Your drive is not ad any more, it's da now. You need to fix both bootloader configuration and fstab.


----------



## petike (Jan 5, 2009)

*A little more instructions...*



			
				Speedy said:
			
		

> Your drive is not ad any more, it's da now. You need to fix both bootloader configuration and fstab.
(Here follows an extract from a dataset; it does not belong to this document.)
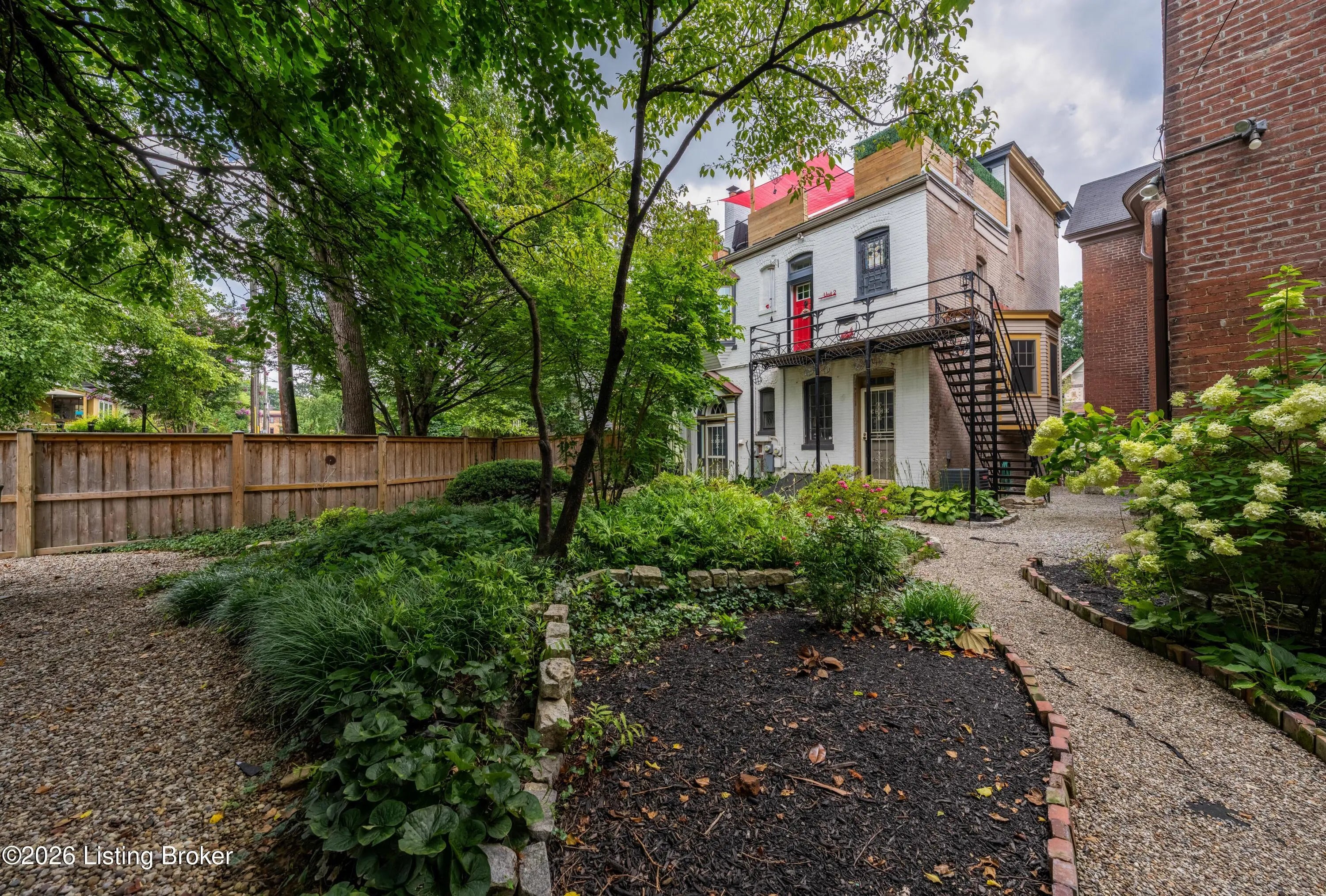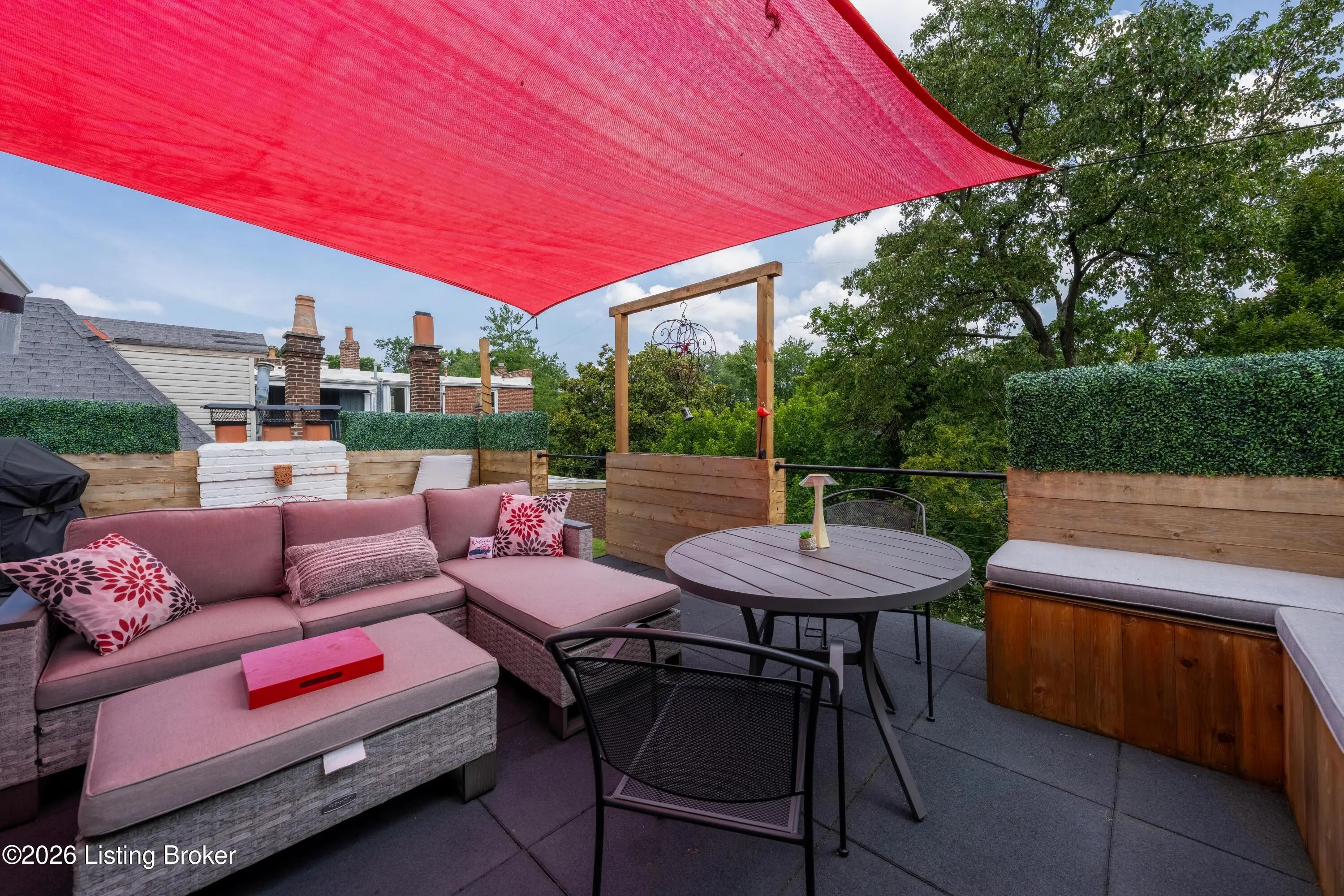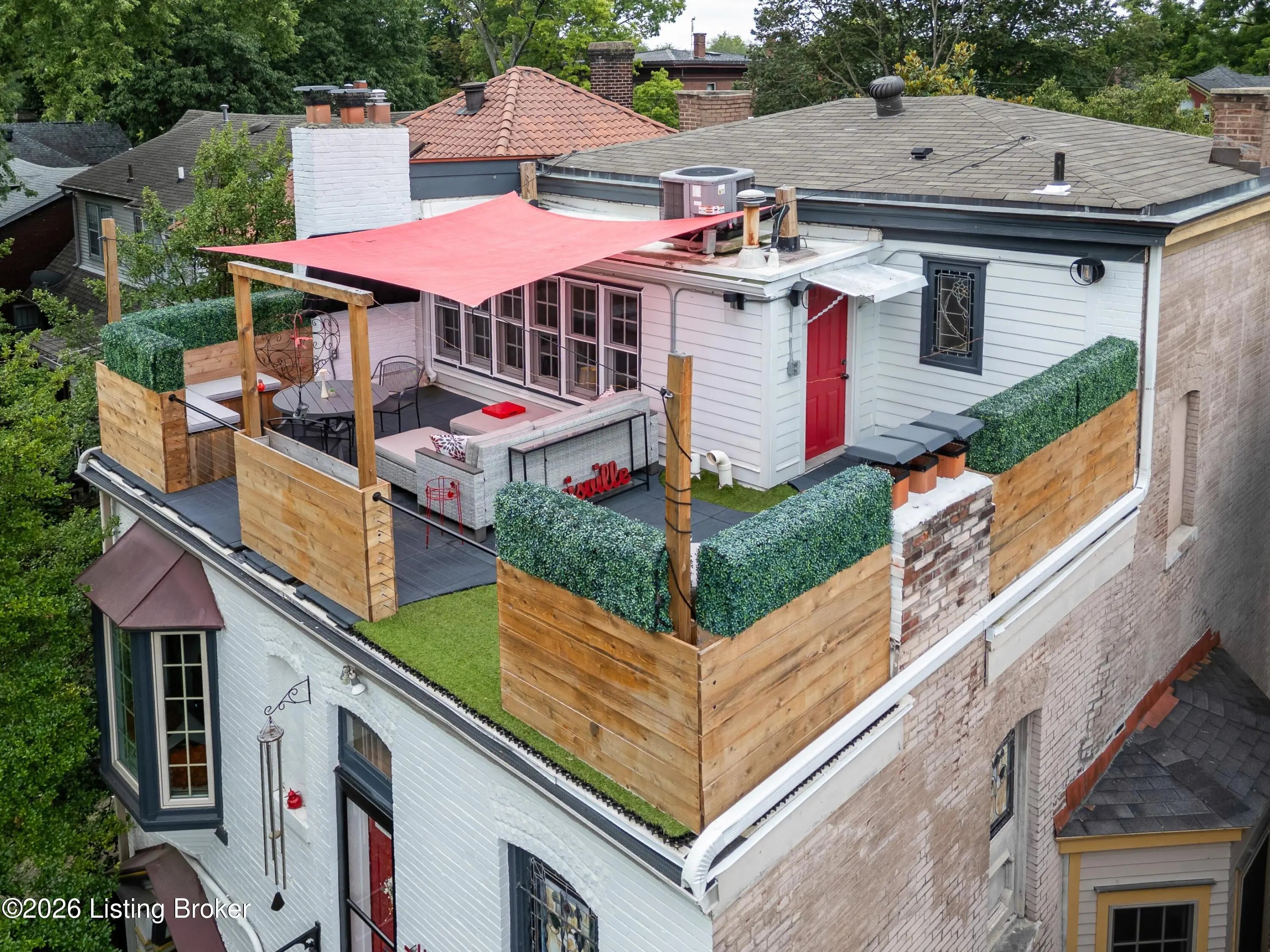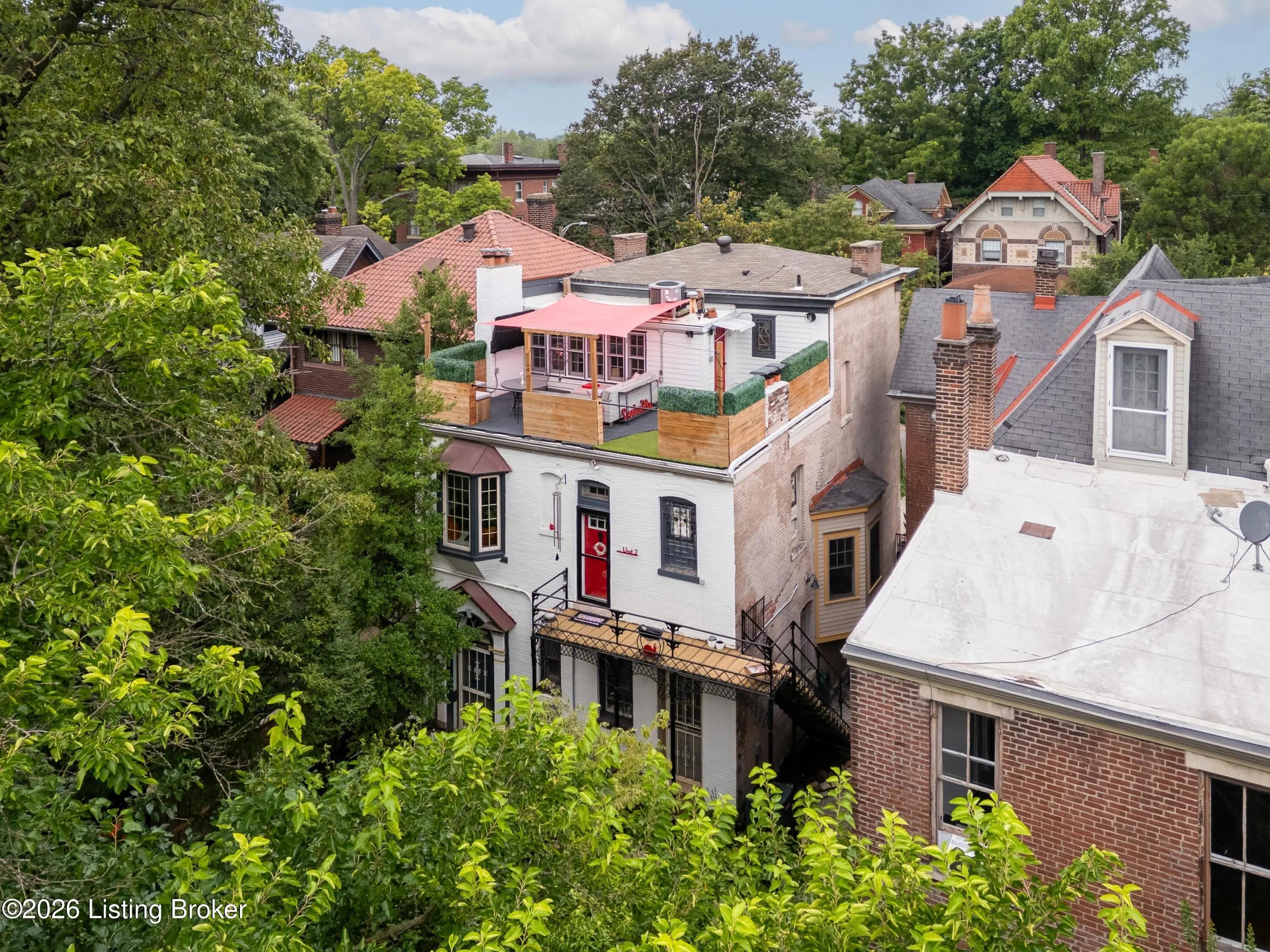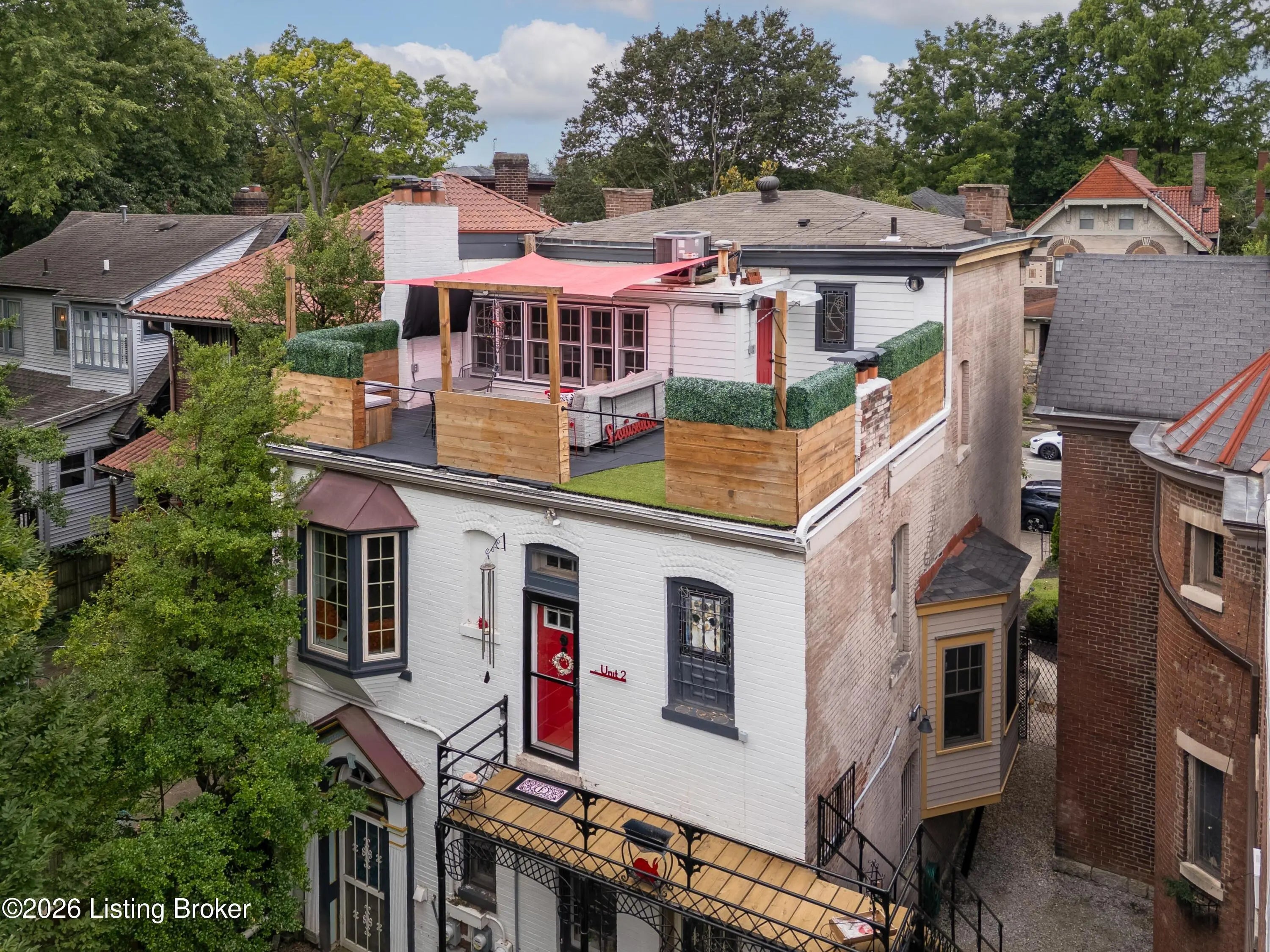 Welcome to Old Louisville's beautiful Victoria Gardens. The owners affectionately call their second home "Louisville Charm", and when you step in, you'll see why. The sellers have put a lot of love into the improvements over the last three years, including new, period-appropriate floor tile in the kitchen, new appliances upgrading to gas, updated cabinets, and granite countertops. The adjoining living room with Bay window makes for a cozy space to entertain or just relax with a good book and your favorite beverage on the custom-made window cushion. And, don't despair—they also added an in-unit washer and dryer with all the bells and whistles. Upstairs, you'll find two nicely sized bedrooms and the completely remodeled remodeled bathroom. The architect- designed private roof top patio boasts custom planter boxes, sleek rails, floating floor, a custom storage bench, installed electric for work-from home access, custom lighting, lounger sofa, and a 65" outdoor TV.

Sorry, but I am new to UNIX.
Could you please give me a litte more instructions what to do?

Thanks.


----------



## ale (Jan 5, 2009)

Try typing _ufs:da0s3a_.
What pressing _?_ and then enter?


----------



## graudeejs (Jan 5, 2009)

try one of these:
type 
ufs:ad4s1a
ufs:ad4s3a
ufs:da0s1a

if they don't work just try
ufs:adXsYa
and
ufs:daXsYa
where X is 0 to 4, and Y is 1 to 4
try all possible combination, if you're not sure what is your active slice etc
one of them will work

and then fix entries in /etc/fstab, if you can boot


----------



## graudeejs (Jan 5, 2009)

Speedy said:
			
		

> Your drive is not ad any more, it's da now. You need to fix both bootloader configuration and fstab.



problem is only in /etc/fstab


----------



## trev (Jan 5, 2009)

petike said:
			
		

> Does anybody know what should I do (maybe some driver to install, or something else...)?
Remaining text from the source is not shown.